Updated

Americans are getting seasonal flu shots at about the same rate as last year despite heightened awareness of the risks of influenza inspired by the swine flu pandemic, a survey released on Wednesday showed.

As of the middle of November, about 32 percent of all U.S. adults and 37 percent of adults who are recommended to get a flu shot against seasonal flu had gotten one.

"It does not appear that the increased public discussion of the role of influenza vaccines has had a significantly impact on the public's behavior," said Katherine Harris, a senior economist at RAND, a nonprofit research group that led the study.

"Most of the results from our latest survey look much like those from last year," she said in a statement.

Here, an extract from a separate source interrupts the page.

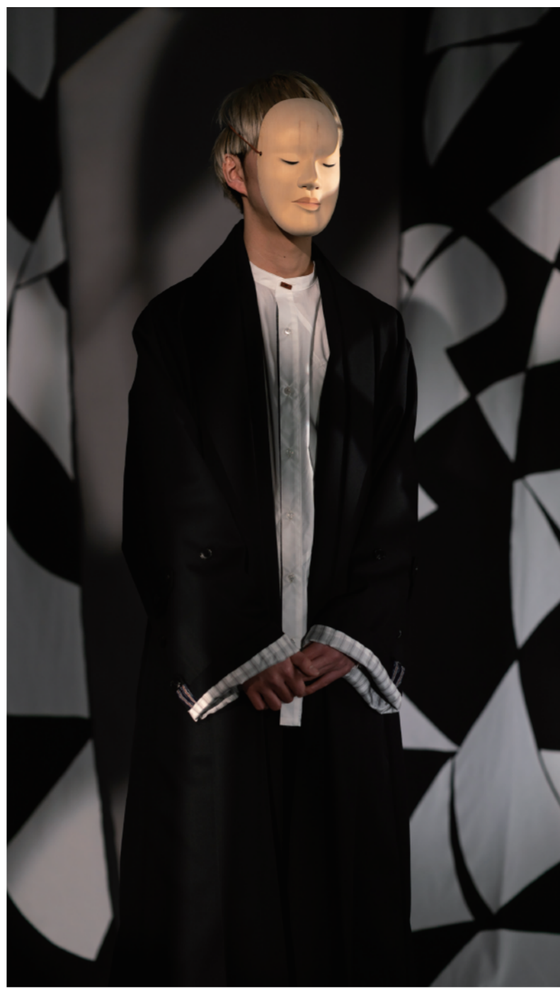
iza_o_2301 外套 iza_t_2315 ドレスシャツ

Harris said concerns over the swine flu pandemic did drive more adults to get seasonal flu vaccines earlier this year, with about three times as many adults getting a seasonal flu shot in September compared with the same time last year.

But overall vaccine rates through mid-November were comparable with rates during the same period last year, suggesting that vaccination rates have tapered off.

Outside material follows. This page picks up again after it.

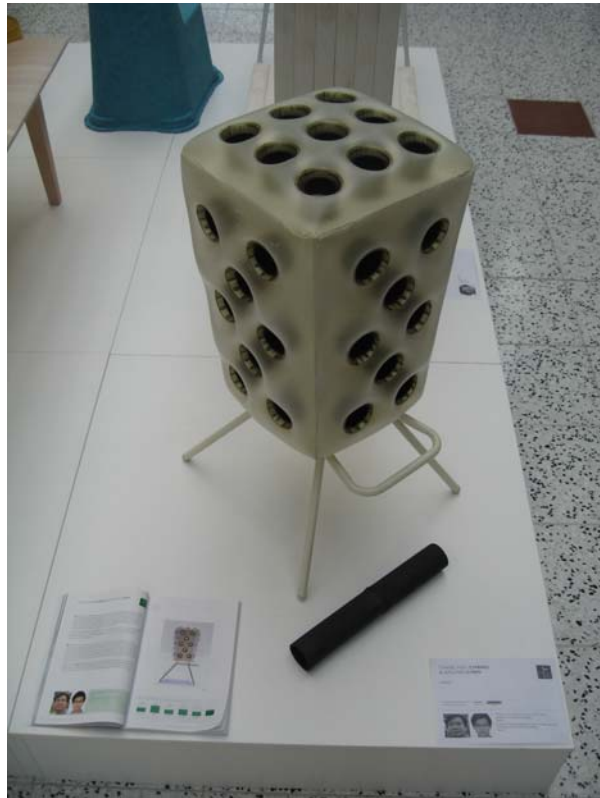
圖六 筆者參展之作品-Proes

This may have been due in part to a shortage of seasonal flu vaccines that occurred as companies struggled to meet government commitments to deliver H1N1 vaccines.

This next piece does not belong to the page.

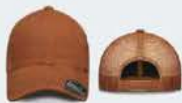
N.LADRILLO/COST. NEGRO SKU: 22761-180045 UNITALLA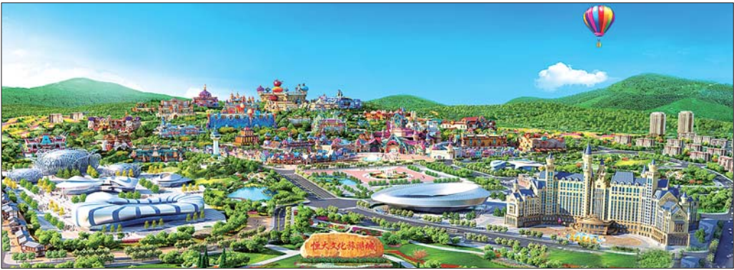
贵阳恒大文化旅游城

近日,备受瞩目的贵阳恒大文化旅游城在央视等全国各大主流媒体亮相,迅速引发社会各界广泛关注。据介绍,贵阳恒大文化旅游城由世界500强企业恒大集团旗下的恒大旅游集团倾力打造,坐拥恒大童世界、恒大养生谷、恒大足球世界、恒大温泉小镇等产业配套集群,将成为全球规模最大、档次最高、配套最全的世界级文化旅游胜地。

But the study also suggests misperceptions about flu vaccine are common, Harris said.

Overall, 60 percent of people who do not plan to get a flu shot said they were worried they would become sick, worried about vaccine side-effects or thought they did not need a flu shot.

Harris said the study did not suggest that people were skipping their seasonal flu shot because they had already gotten or planned to get an H1N1 flu shot.

Flu Season Picking Up

Seasonal flu shots protect against flu viruses circulating each year. Seasonal flu kills about 36,000 people in the United States each year and puts 200,000 in the hospital, typically hitting the elderly and those with underlying health conditions hardest.

While swine flu has begun to ease in the United States, flu season is just picking up, Dr. William Schaffner, of Vanderbilt University and president-elect of the National Foundation for Infectious Diseases, told reporters at a media briefing.

Schaffner stressed that the seasonal flu shots are safe. "You cannot get influenza from the influenza vaccine," he said.

The findings come from a nationally representative survey of more than 5,000 adults that asked about their vaccination status and related issues through mid-November. The survey was paid for by GlaxoSmithKline, which supplies flu vaccine to the U.S. market.

Healthcare workers were the group most likely to have been vaccinated by mid-November, with about half saying they had been vaccinated by then, according to the survey. But 40 percent of healthcare workers reported they had no intention of getting a seasonal flu shot.

"This is despite the risk that being unvaccinated poses to healthcare workers' patients and to healthcare workers themselves," Harris said at the briefing.

Caregivers and others who have close contact with people for whom flu poses a serious health risk were least likely to be vaccinated overall, with just over a third reporting they were vaccinated by mid-November.

The survey also found that white adults were more likely to be vaccinated than other racial groups, and Hispanic adults were the least likely to have received a seasonal flu vaccine.